To assist you in your information gathering phase, here is a checklist of possible assets you and your soon-to-be ex may have.

While not everything may apply to you and your situation, this should help you get started.

If you are seeking legal help, your attorney will most likely request this information; if you are going it alone, you definitely want to be prepared for negotiation.

  

Bank Accounts. Do you have separate or joint accounts? It's all up for grabs and needs to be disclosed. You will need this information:

  • Name and address of bank
  • Type of account
  • Account number
  • Current balance
  • Names on the account
  • Date the account was opened

Pension Funds. This is your retirement and is extremely important. These accounts include 401k, 403(b), military retirement, etc. You and your soon-to-be ex may both have pension funds or retirement plans; be sure to collect the below information for both:

  • Name of the plan
  • Contribution made to the plan
  • Any employer matches made to the plan
  • Percent vested in the plan
  • Years until vested
  • Lump sum collectible now
  • Monthly payments collectible now
  • Date monthly payments become available

Stocks, Bonds, IRAs, Mutual Funds. You definitely don't want to miss any of these investments. While the market isn't great today, it may be tomorrow and you don't want to lose any of what may rightfully be yours. Here is the information needed for your investments:

  • Name
  • Number
  • Purchase price
  • Face value
  • Market value
  • Current total

Certificates of Deposit (CDs).  These are often forgotten about, but are great investments. If you have any, the information necessary is below:

  • Face amount
  • Maturity date
  • Location of CD
  • Interest

Life Insurance.  Often overlooked, these policies sometimes have cash value and should be reviewed. Here is what you will need:

  • Name of Insurance company
  • Policy number
  • Face value of the policy or policies
  • Cash value of the policy or policies
  • Name of person insured

Real Estate.  Do you own a home? Rental property? Vacation home? Time share? Whether owned jointly or separately, be sure to gather the information below for each property:

  • Date of purchase
  • Purchase price
  • Amount of down payment
  • Where the down payment came from
  • What the monthly payments are if there is an outstanding loan and the amount of taxes and insurance paid
  • Any current mortgage balances
  • The present fair market value of the property

Vehicles.  Cars, trucks, motorcycles, boats, RVs; they all count! Be sure to gather the information below for each one:

  • Year
  • Make
  • Model
  • License number
  • Fair market value
  • Balanced owed

Household Items.  This is going to be a sticky or gray area. Try not to get too hung up on this stuff unless it has sentimental value. Choose your battles. The best way to approach household items is to make a list of everything. Try to gather the below information:

  • Purchase price of item and sales receipt, if available
  • Estimated garage sale value or fair market value of all household items
  • Whether the item was purchased or received as a gift

Education. This may seem strange, but may become part of your divorce agreement; so, best to be prepared. Did you provide your spouse with an education, or did your spouse provide you with an education? If you worked so your spouse could pursue an education, provide the following information:

  • Dates when spouse was in school
  • What education was received
  • Your yearly salary while your spouse was pursuing an education
  • Yearly salary of your spouse if he/she worked
  • The source and amount of any income earned by you and your spouse

This should cover any and all assets you may have. Having all of the above information on hand will help your attorney prepare (if you are going that route) and ensure you are not missing out on anything that is rightfully yours. No one said divorce would be easy, but being prepared will certainly make things easier in the long run.

Related Posts:

Divorce and Debt, an Introduction to a New Series

Divorce & Debt - Divorced and re-entering the workforce???

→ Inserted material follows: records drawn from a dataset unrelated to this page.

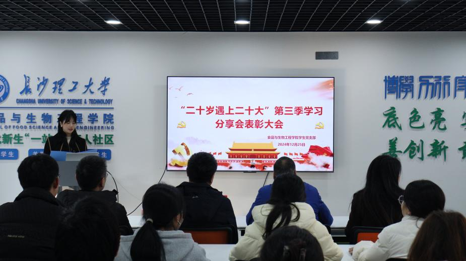 近期,食品学院学生党支部在一站式育人社区开展了“二十岁遇上二十大”第三季学习分享表彰大会。院党委书记高顺利、副书记练黎旋、专职组织员彭玉楼、学工办老师胡佳佳及学生代表50余人出席本次活动。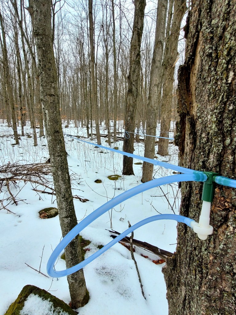 Vast network of lines to collect maple nectar from some of the oldest trees in Niagara Escarpment. I can smell delicious hot pancakes with fresh maple syrup while I type this part. A few pictures above from our excursion today illustrating the setup and spaghetti of tubes from where the nectar flows, when the time is right of course!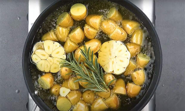 Когда картофель станет мягким внутри и румяным снаружи, уберите чеснок и розмарин, приправьте солью и перцем по вкусу. При желании можно довести картофель до готовности в духовке, запекая 10–15 минут при 180°C.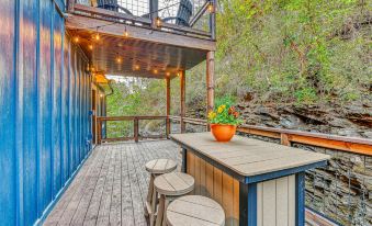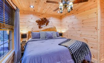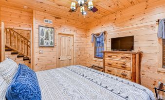 there are three king rooms with handmade furnishings and two bathrooms outfitted with hand-carved vanities harvested from local hardwoods, plus natural boulder vessel sinks. the fully-equipped kitchen has all the stainless steel appliances the family chef needs and the quaint dining area can seat six around a beautiful handcrafted rainbow poplar table. enjoy ample outdoor seating from the multiple decks and a covered creekside space warmly lit with garden lights and facing noisy baskins creek, with a majestic slate wall in the back. this home features flatscreen smart tvs, a firepit, high-speed internet and free wifi, cable, and some of the best covered creekside outdoor spaces found in the smokies! and the private washer and dryer will knock out all your dirty duds, so you can afford to pack light for your trip! whatever you are looking for in your next vacation, you'll find it here with the blue spruce.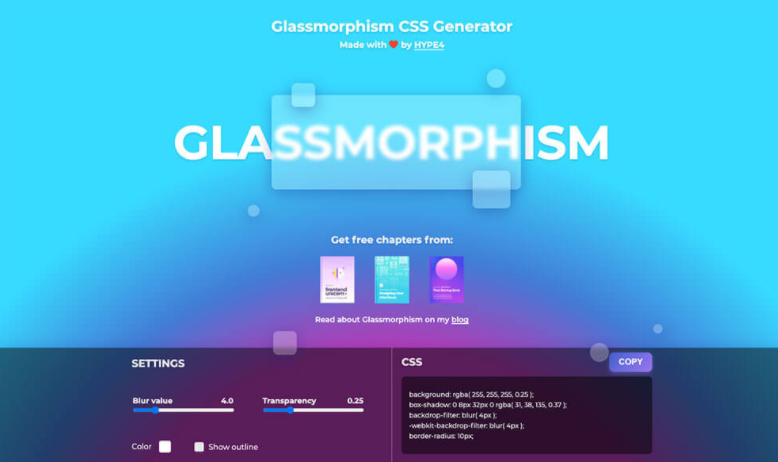 온라인 무료 서비스 Glassmorphism CSS Generator를 사용하는 것이 좋습니다.

5 Smart Financial Moves to Make after Divorce

Suzanne Cramer

Suzanne is a certified credit counselor working in our Ask the Expert forums as a coach and a Social Media Specialist for CareOne. Suzanne writes for our Divorce, Debt and Finances and A Straight Talk on Debt blogs. Ask her questions, share your story or just follow Suzanne on her journey as she discusses dealing with divorce, debt, and finances. Follow Suzanne on Twitter: ADivorcedMom and Ask CareOne where she shares the latest debt industry news and tips to keep your finances in check.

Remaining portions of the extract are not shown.